— Your instructions —
Reproduce only the lines of the material below that start at the line containing "XRP has been" and stop at the line containing "Gorgeous 1950's Chinese". Keep both end lines.

— Exercise data —
╭──
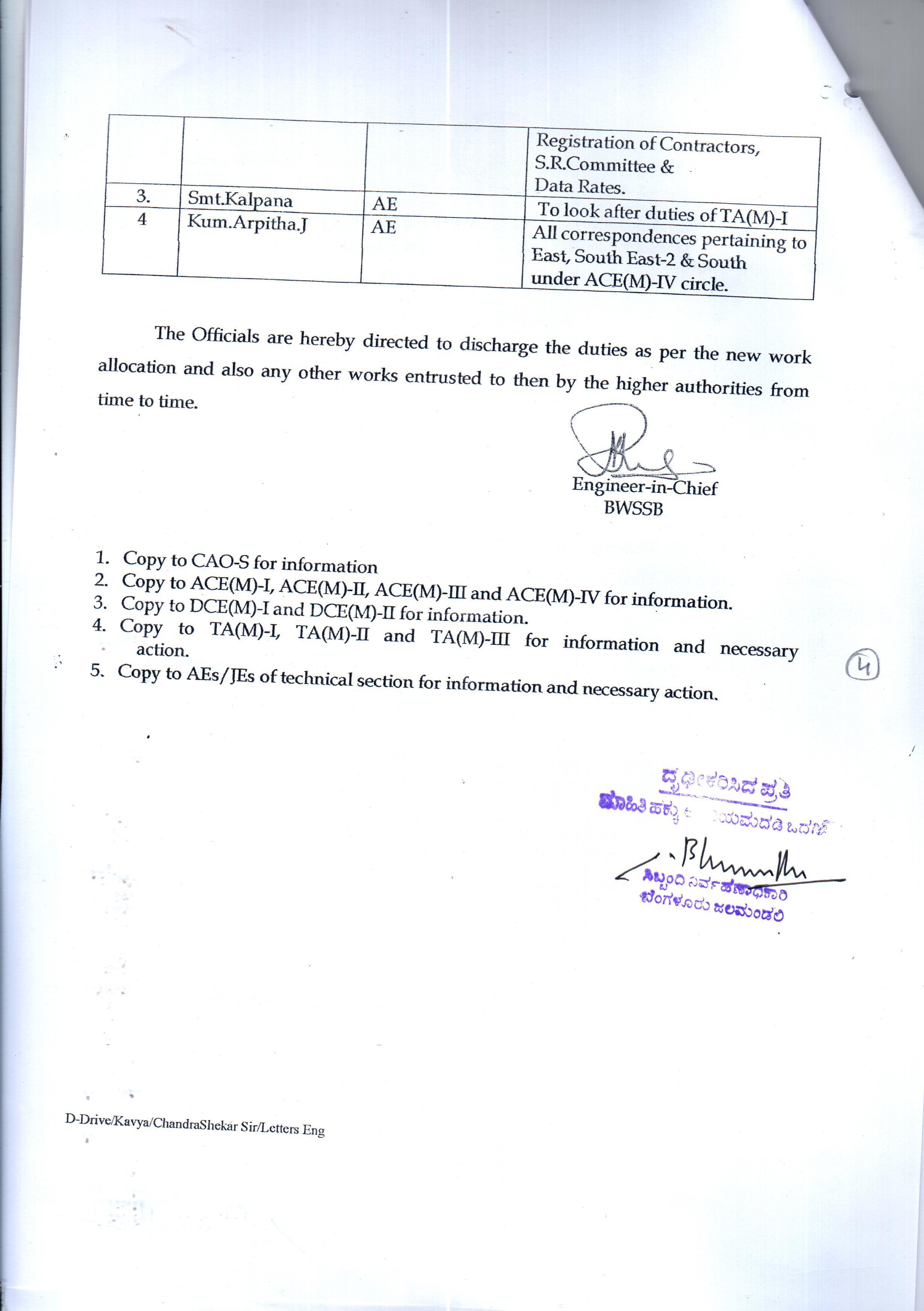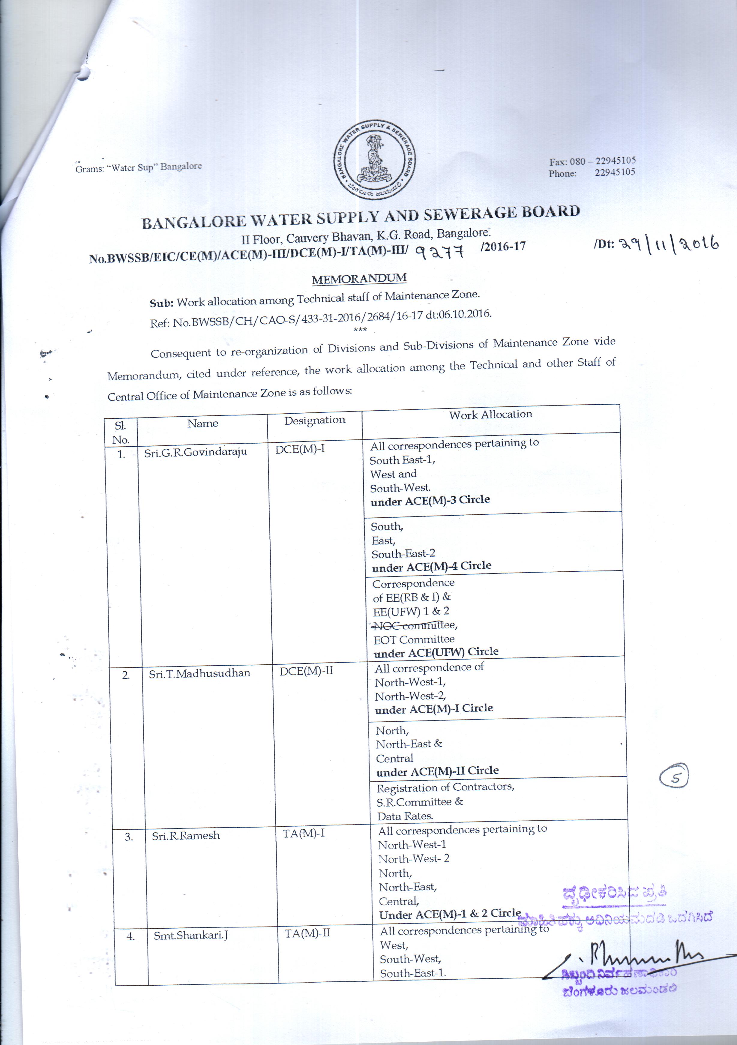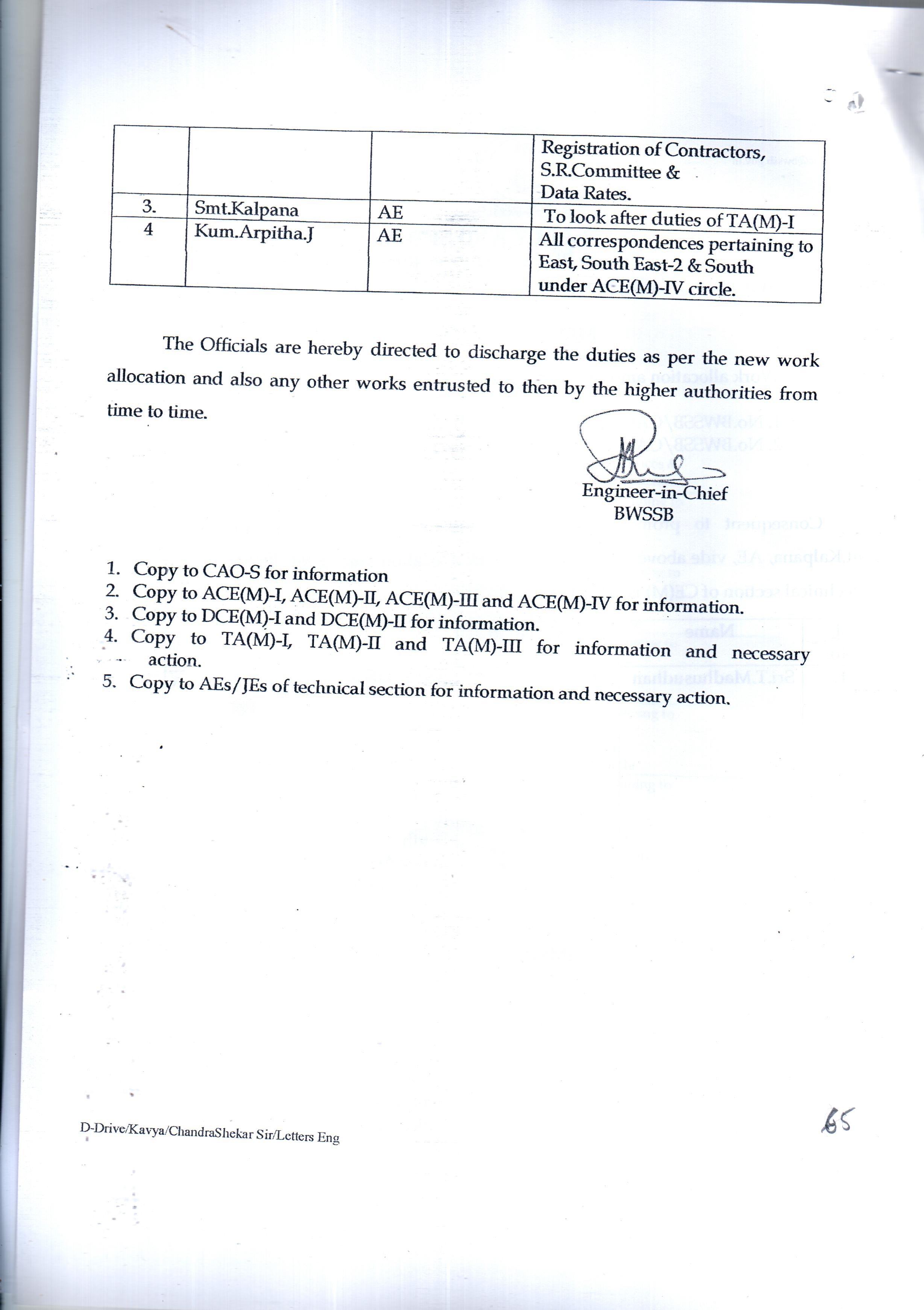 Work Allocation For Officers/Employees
╰──
╭──
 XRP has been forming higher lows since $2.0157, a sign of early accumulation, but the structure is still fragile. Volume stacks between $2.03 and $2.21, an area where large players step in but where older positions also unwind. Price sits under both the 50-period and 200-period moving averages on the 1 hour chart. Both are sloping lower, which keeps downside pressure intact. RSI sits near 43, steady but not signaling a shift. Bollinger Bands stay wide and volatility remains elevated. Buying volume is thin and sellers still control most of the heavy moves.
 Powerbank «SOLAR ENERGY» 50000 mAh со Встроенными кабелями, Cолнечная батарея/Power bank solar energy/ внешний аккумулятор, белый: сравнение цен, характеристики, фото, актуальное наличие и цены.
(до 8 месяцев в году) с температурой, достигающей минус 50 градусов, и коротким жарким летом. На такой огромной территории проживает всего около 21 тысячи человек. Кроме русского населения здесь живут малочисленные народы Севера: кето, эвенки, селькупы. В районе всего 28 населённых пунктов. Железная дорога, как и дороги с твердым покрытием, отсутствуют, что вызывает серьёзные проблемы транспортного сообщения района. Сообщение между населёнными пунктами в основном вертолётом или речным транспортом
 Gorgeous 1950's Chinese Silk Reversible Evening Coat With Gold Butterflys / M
╰──
— Answer for this exercise —
 XRP has been forming higher lows since $2.0157, a sign of early accumulation, but the structure is still fragile. Volume stacks between $2.03 and $2.21, an area where large players step in but where older positions also unwind. Price sits under both the 50-period and 200-period moving averages on the 1 hour chart. Both are sloping lower, which keeps downside pressure intact. RSI sits near 43, steady but not signaling a shift. Bollinger Bands stay wide and volatility remains elevated. Buying volume is thin and sellers still control most of the heavy moves.
 Powerbank «SOLAR ENERGY» 50000 mAh со Встроенными кабелями, Cолнечная батарея/Power bank solar energy/ внешний аккумулятор, белый: сравнение цен, характеристики, фото, актуальное наличие и цены.
(до 8 месяцев в году) с температурой, достигающей минус 50 градусов, и коротким жарким летом. На такой огромной территории проживает всего около 21 тысячи человек. Кроме русского населения здесь живут малочисленные народы Севера: кето, эвенки, селькупы. В районе всего 28 населённых пунктов. Железная дорога, как и дороги с твердым покрытием, отсутствуют, что вызывает серьёзные проблемы транспортного сообщения района. Сообщение между населёнными пунктами в основном вертолётом или речным транспортом
 Gorgeous 1950's Chinese Silk Reversible Evening Coat With Gold Butterflys / M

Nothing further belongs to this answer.